#### [Your objective]
Each line below is to be copied exactly; images do not go into the copy.

Data supplied: Begin

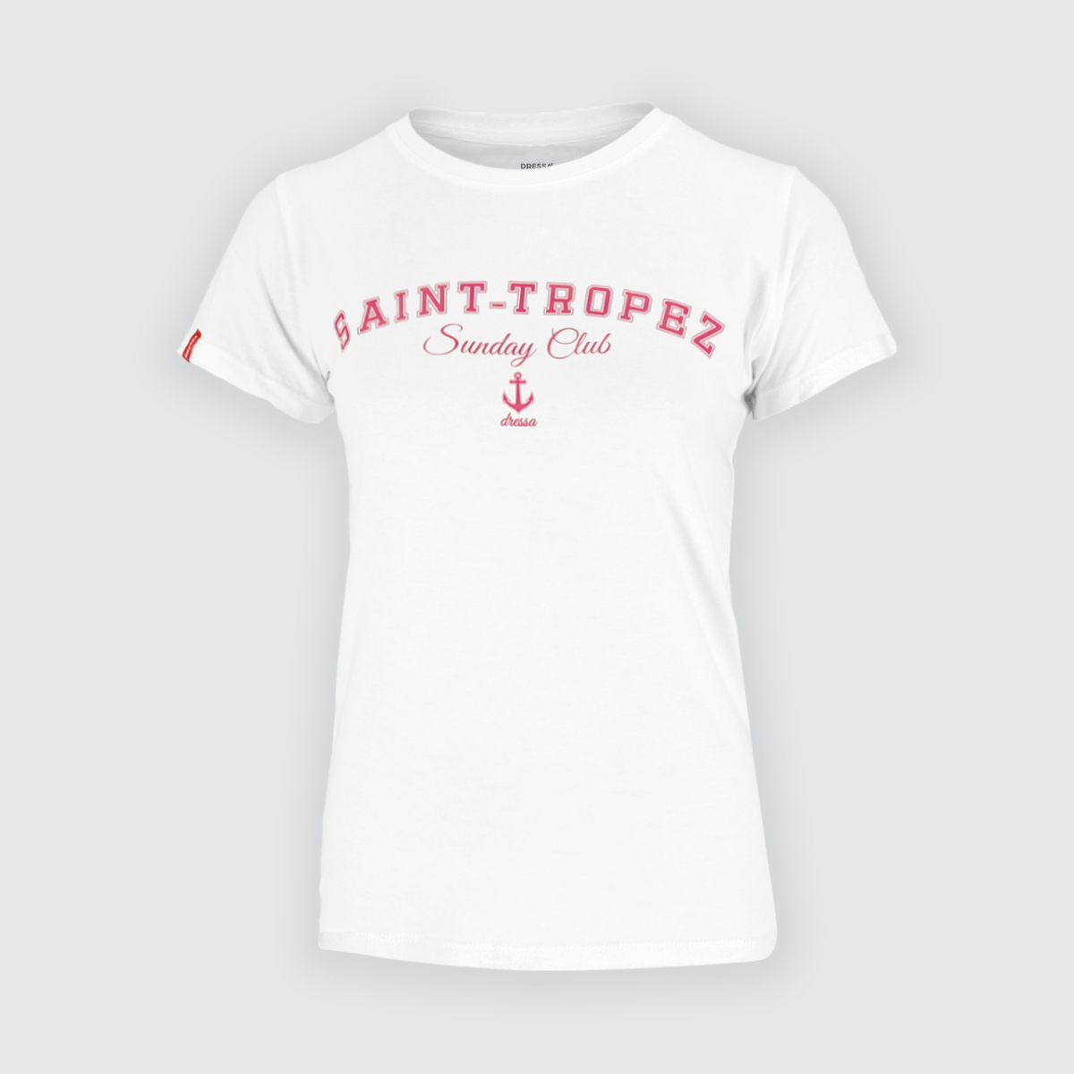 A Dressa Sunday Club feliratos női pamut póló – fehér színben a francia Riviéra hangulatát idézi ez a bájos póló. A „Sunday Club” felirat és az alatta elhelyezett horgony motívum tengerparti életérzést sugall.
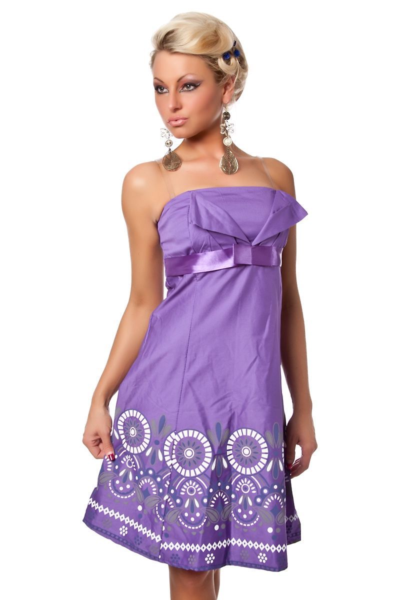 Лиловое платье с узором без бретелек прекрасно подчеркнет вашу фигуру, не смотря на то, что оно слекга расклешенное. Подол украшен различными узорами бело-фиолетового цвета. Платье без бретелек, но хорошо держится на теле. Под грудью по кругу проходит атласная ленточка с маленьким бантиком.
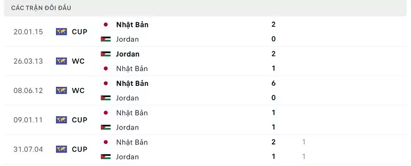 Thành tích đối đầu Nhật Bản vs Jordan:
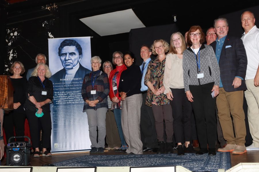 Nominated by nominations coordinator Ted Engle, E. Wyn James, the St. David Society of Utica, Oneida County History Center, Remsen-Steuben Historical Society and the Welsh North American Association, inductee Rev. Robert Everett of Remsen was celebrated by a Friday, Oct. 21, 2022, evening of Welsh music and poetry. Engle presented Everett’s symposium Oct. 22, and a large crowd of Everett descendants took the Induction stage to unveil the inductee banner.
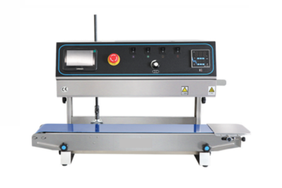 Soudeuse en continu en Inox avec convoyeur incorporé pour la fermeture des sacs à cadences soutenues, les sacs sont déposés verticalement. Cette machine peut être fournie sans son convoyeur pour intégration dans des lignes existantes.
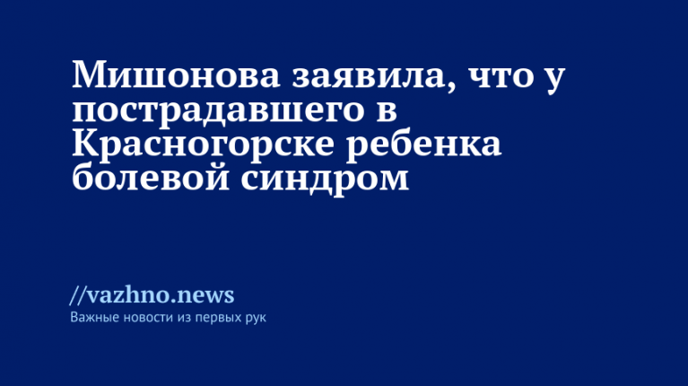 13 ноября детский омбудсмен Подмосковья Ксения Мишонова сообщила, что у ребенка, пострадавшего при взрыве в Красногорске, по-прежнему отмечается выраженный болевой синдром.
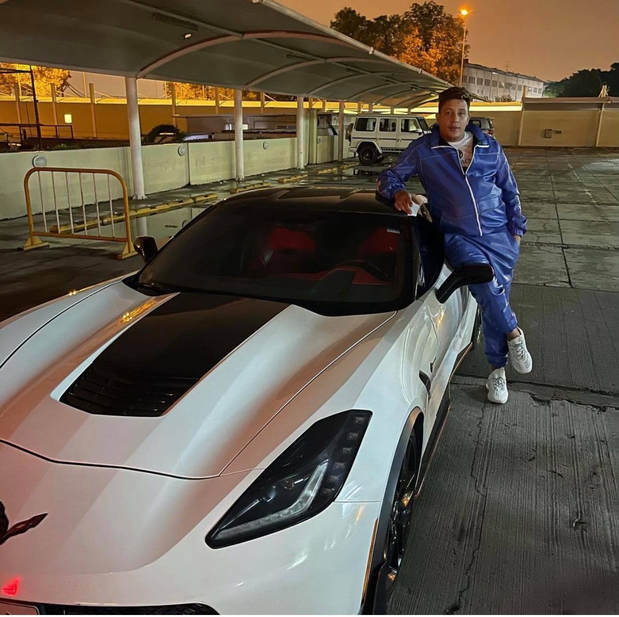 بـ”الترنج الأزرق”.. حمو بيكا ”يحمد ربنا” على ”شيفروليه كورفيت C7”
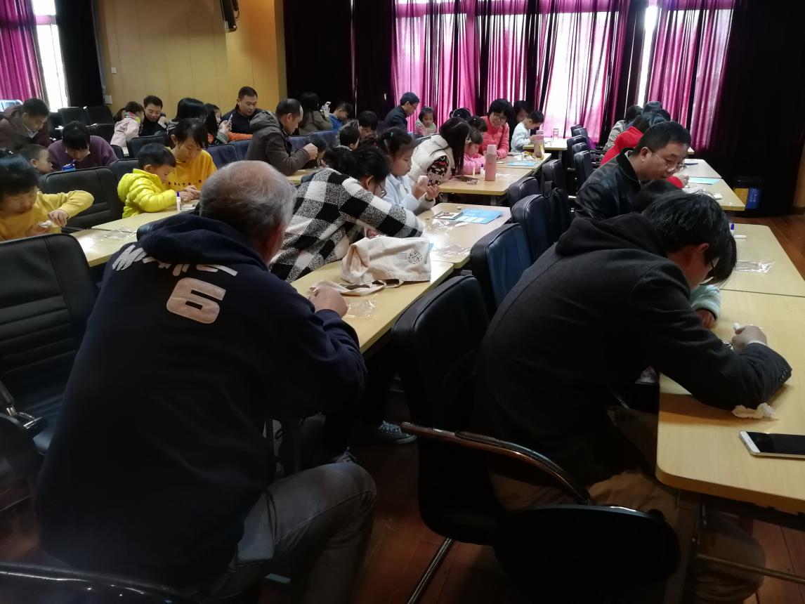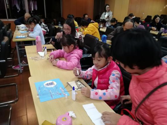 故事讲完了,接下来就是亲子活动—创意干树枝DIY。赵老师现场向每一位小朋友分发了创意枯树枝的制作材料,并现场进行了制作演示说明。小朋友们拿到材料后的便迫不及待地开始制作了,家长们在旁边为他们的小艺术家做帮手。不一会,同干树枝拼出来的小动物便栩栩如生的出现在拼图板上,小朋友们还用五颜六色的发光亮钻贴进行了装饰点缀。贴的不亦乐乎,玩的也不亦乐乎!
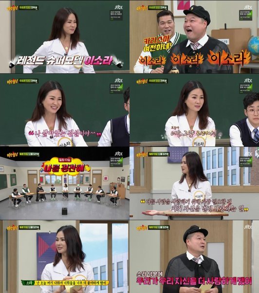 지난 16일 방송된 JTBC 예능 프로그램 ‘아는 형님’ 205회에서는 대한민국 최초의 슈퍼모델 이소라와 가수 딘딘이 전학생으로 등장한 가운데, 특유의 쾌활한 웃음과 거침없는 토크를 선보인 방송인 이소라의 맹활약이 시청자들의 눈길을 사로잡았다.
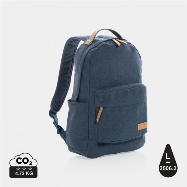 Ruksak z recyklovaného plátna má polstrované vrecko na 14 notebook a predné a zadné vrecko na ďalšie drobnosti. Výrobou tašky sa ušetrí 2506 litrov vody.
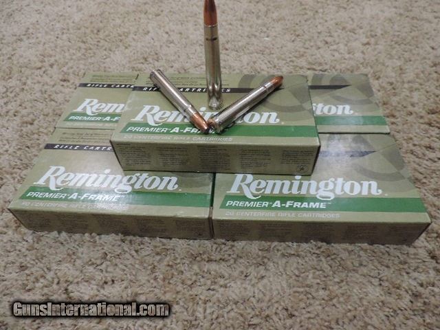 Description: PREMIER A-FRAME,300GRAIN SWIFT A-FRAME PSP, 20RD BOX,, FIVE 5 BOXES, $89.00 / BOX, TOTAL = $445.00 FREE SHIPPING NO CARD FEES SOLD Rifle Caliber: .375 H&H Magnum |
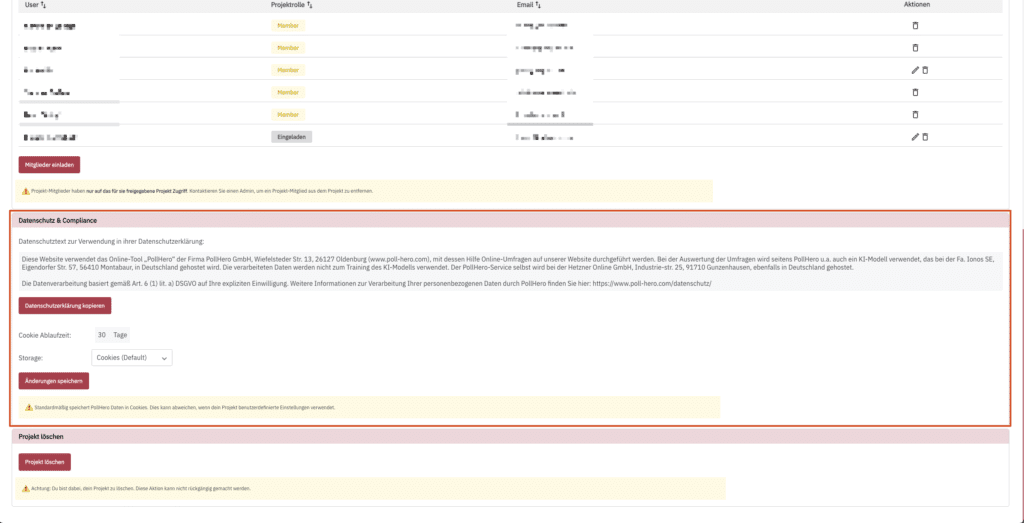 In PollHero hast du die Möglichkeit, die Einstellungen zu Cookies und localStorage selber vor zu nehmen und anzupassen.
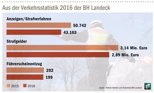 Rückläufig ist auch die Summe der Strafgelder: 2,89 Mio. Euro landeten 2016 in den Kassen der Strafbehörde, ein Jahr zuvor waren es noch 3,14 Mio. Euro. Das Geld aus Übertretungen der Straßenverkehrsordnung (2,13 Mio. Euro) floss in die Kassen der Straßenerhalter Land, Asfinag und Gemeinden. Wer eine Strafe nach dem Kraftfahrgesetz ausfasst, „sponsert“ die Sozialhilfe des Landes Tirol. Im Vorjahr kamen 353.000 Euro aus dem Bezirk Landeck.
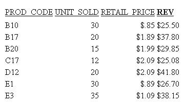 TABLE FILE SALES SUM UNIT_SOLD RETAIL_PRICE COMPUTE REV/D12.2M = UNIT_SOLD * RETAIL_PRICE; BY PROD_CODE WHERE CITY EQ 'NEW YORK' ON TABLE SET PAGE-NUM OFF ON TABLE SET ONLINE-FMT HTML ON TABLE SET STYLESHEET * TYPE=REPORT, GRID=OFF, $ TYPE=TITLE, COLUMN=REV, STYLE=BOLD, JUSTIFY=LEFT, $ ENDSTYLE END
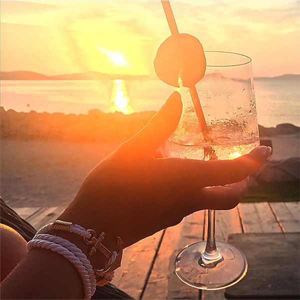 Вот она, навстречу закату, поднимает бокал вина и получает дозу эндорфинов от этого янтарного тепла.
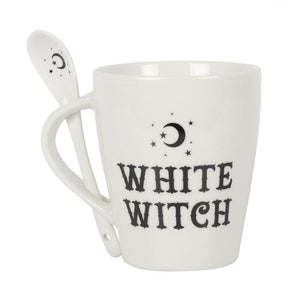 This bewitching mug and spoon set will add a pinch of magic to every cuppa. Style features 'White Witch' text and matching teaspoon with a mystical moon and star design that fits perfectly in a slotted handle. 500ml capacity. Dishwasher and microwave safe.
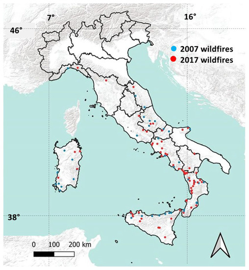 Since many ecosystems worldwide are experiencing fire regime shifts in response to changes in climate, land use and land cover [3,5,74,75], investigations into the increasing frequency, size and severity of wildfires are becoming necessary for adopting appropriate management practices. In this work, we analyzed two target years (2007 and 2017), providing a large fire sample size for our investigation. The mean size of all the Italian fires is much lower compared to that of the fires selected, probably due to the increasing effort committed to fire suppression [76]. We considered only large wildfires since their occurrence, expansion and severity are more likely to be influenced by climatic conditions [11]. Moreover, they are expected to increase in the future given climate and land use change trends [11]. A large accumulation of fuels and the increasing fire intensity can easily drive wildfires out of control [11].
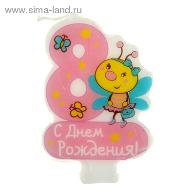 233033 Свеча для торта "Цифра 8.С Днем рождения" Пчелка
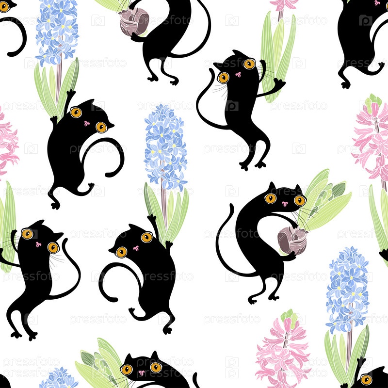 Очаровательные кошки с гиацинтами. Бесшовный узор на белом. Вектор. Идеально подходит для шаблонов дизайна, обоев, упаковки, ткани и текстиля

Data supplied: End

#### [Task result]
 A Dressa Sunday Club feliratos női pamut póló – fehér színben a francia Riviéra hangulatát idézi ez a bájos póló. A „Sunday Club” felirat és az alatta elhelyezett horgony motívum tengerparti életérzést sugall.
 Лиловое платье с узором без бретелек прекрасно подчеркнет вашу фигуру, не смотря на то, что оно слекга расклешенное. Подол украшен различными узорами бело-фиолетового цвета. Платье без бретелек, но хорошо держится на теле. Под грудью по кругу проходит атласная ленточка с маленьким бантиком.
 Thành tích đối đầu Nhật Bản vs Jordan:
 Nominated by nominations coordinator Ted Engle, E. Wyn James, the St. David Society of Utica, Oneida County History Center, Remsen-Steuben Historical Society and the Welsh North American Association, inductee Rev. Robert Everett of Remsen was celebrated by a Friday, Oct. 21, 2022, evening of Welsh music and poetry. Engle presented Everett’s symposium Oct. 22, and a large crowd of Everett descendants took the Induction stage to unveil the inductee banner.
 Soudeuse en continu en Inox avec convoyeur incorporé pour la fermeture des sacs à cadences soutenues, les sacs sont déposés verticalement. Cette machine peut être fournie sans son convoyeur pour intégration dans des lignes existantes.
 13 ноября детский омбудсмен Подмосковья Ксения Мишонова сообщила, что у ребенка, пострадавшего при взрыве в Красногорске, по-прежнему отмечается выраженный болевой синдром.
 بـ”الترنج الأزرق”.. حمو بيكا ”يحمد ربنا” على ”شيفروليه كورفيت C7”
 故事讲完了,接下来就是亲子活动—创意干树枝DIY。赵老师现场向每一位小朋友分发了创意枯树枝的制作材料,并现场进行了制作演示说明。小朋友们拿到材料后的便迫不及待地开始制作了,家长们在旁边为他们的小艺术家做帮手。不一会,同干树枝拼出来的小动物便栩栩如生的出现在拼图板上,小朋友们还用五颜六色的发光亮钻贴进行了装饰点缀。贴的不亦乐乎,玩的也不亦乐乎!
 지난 16일 방송된 JTBC 예능 프로그램 ‘아는 형님’ 205회에서는 대한민국 최초의 슈퍼모델 이소라와 가수 딘딘이 전학생으로 등장한 가운데, 특유의 쾌활한 웃음과 거침없는 토크를 선보인 방송인 이소라의 맹활약이 시청자들의 눈길을 사로잡았다.
 Ruksak z recyklovaného plátna má polstrované vrecko na 14 notebook a predné a zadné vrecko na ďalšie drobnosti. Výrobou tašky sa ušetrí 2506 litrov vody.
 Description: PREMIER A-FRAME,300GRAIN SWIFT A-FRAME PSP, 20RD BOX,, FIVE 5 BOXES, $89.00 / BOX, TOTAL = $445.00 FREE SHIPPING NO CARD FEES SOLD Rifle Caliber: .375 H&H Magnum |
 In PollHero hast du die Möglichkeit, die Einstellungen zu Cookies und localStorage selber vor zu nehmen und anzupassen.
 Rückläufig ist auch die Summe der Strafgelder: 2,89 Mio. Euro landeten 2016 in den Kassen der Strafbehörde, ein Jahr zuvor waren es noch 3,14 Mio. Euro. Das Geld aus Übertretungen der Straßenverkehrsordnung (2,13 Mio. Euro) floss in die Kassen der Straßenerhalter Land, Asfinag und Gemeinden. Wer eine Strafe nach dem Kraftfahrgesetz ausfasst, „sponsert“ die Sozialhilfe des Landes Tirol. Im Vorjahr kamen 353.000 Euro aus dem Bezirk Landeck.
 TABLE FILE SALES SUM UNIT_SOLD RETAIL_PRICE COMPUTE REV/D12.2M = UNIT_SOLD * RETAIL_PRICE; BY PROD_CODE WHERE CITY EQ 'NEW YORK' ON TABLE SET PAGE-NUM OFF ON TABLE SET ONLINE-FMT HTML ON TABLE SET STYLESHEET * TYPE=REPORT, GRID=OFF, $ TYPE=TITLE, COLUMN=REV, STYLE=BOLD, JUSTIFY=LEFT, $ ENDSTYLE END
 Вот она, навстречу закату, поднимает бокал вина и получает дозу эндорфинов от этого янтарного тепла.
 This bewitching mug and spoon set will add a pinch of magic to every cuppa. Style features 'White Witch' text and matching teaspoon with a mystical moon and star design that fits perfectly in a slotted handle. 500ml capacity. Dishwasher and microwave safe.
 Since many ecosystems worldwide are experiencing fire regime shifts in response to changes in climate, land use and land cover [3,5,74,75], investigations into the increasing frequency, size and severity of wildfires are becoming necessary for adopting appropriate management practices. In this work, we analyzed two target years (2007 and 2017), providing a large fire sample size for our investigation. The mean size of all the Italian fires is much lower compared to that of the fires selected, probably due to the increasing effort committed to fire suppression [76]. We considered only large wildfires since their occurrence, expansion and severity are more likely to be influenced by climatic conditions [11]. Moreover, they are expected to increase in the future given climate and land use change trends [11]. A large accumulation of fuels and the increasing fire intensity can easily drive wildfires out of control [11].
 233033 Свеча для торта "Цифра 8.С Днем рождения" Пчелка
 Очаровательные кошки с гиацинтами. Бесшовный узор на белом. Вектор. Идеально подходит для шаблонов дизайна, обоев, упаковки, ткани и текстиля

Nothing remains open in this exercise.